Therapy for adoptive parents
Adoption is complex. Joy, pain, loss, and love all occurring at the same time. Adoptive parents, biological parents, and children are all profoundly impacted by their experience with adoption. I have worked with many adoptive, birth, and foster families and enjoy supporting them through the process. At times, many adoptive or foster parents feel lost, their child may be experiencing things that they did not expect, or attempts to support them seem to be falling short. Working with an adoption and trauma competent therapist can help parents navigate the emotional and behavioral dysregulation that their children experience. I use a trauma informed lens and attachment theory to help parents develop the skills and understanding they need to support their adoptive or foster child.
Adoptive Parenting
Parenting as an adoptive parent is a unique experience. Many of the adoptive parents I work with speak of how lonely it can feel. Your friends and family members with children don’t have the same experience with or journey to parenthood that you do. Adoptive parents need support, and often times they need the education and training to understand how to implement trauma informed practices into parenting their children, because parenting in the “typical” way that their peers do falls short. I have spent a lot of time working with adoptive families, foster families, and biological families in my therapy practice and in research.

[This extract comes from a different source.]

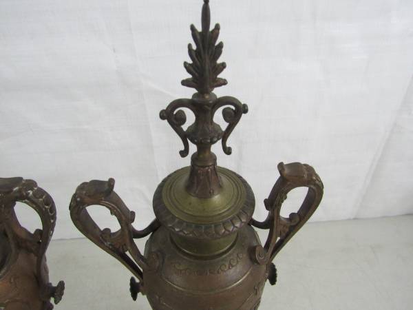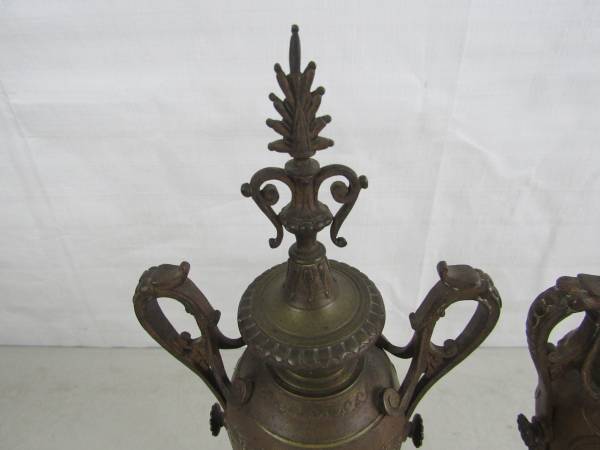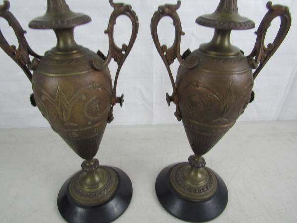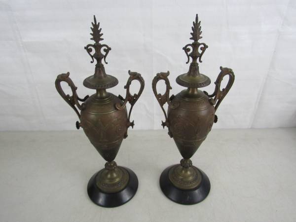 The Garnitures are 13 1/2" tall, and 3 pounds 6 ounces each. Made of brass/bronze mounted on a slate pedestal. Not sure if they were to be used as urns. Good condition with some age and usage wear. The most noticeable issue is there is chips in the slate pedestal on the bottom sides.

I aim to make sure that the adoptive parents that work with me do not feel alone. Many of my clients have experienced traumas and stressors related to their experience as adoptive parents. For so many adoptive parents their day to day experience is focused on making sure their children get the help and support that they need and they often put their own needs on the back burner. I’m hear to listen to your story, to support you as a parent, and to help you develop the tools you need to help your kids grow up to be happy, healthy, and feel loved, no matter how your family started.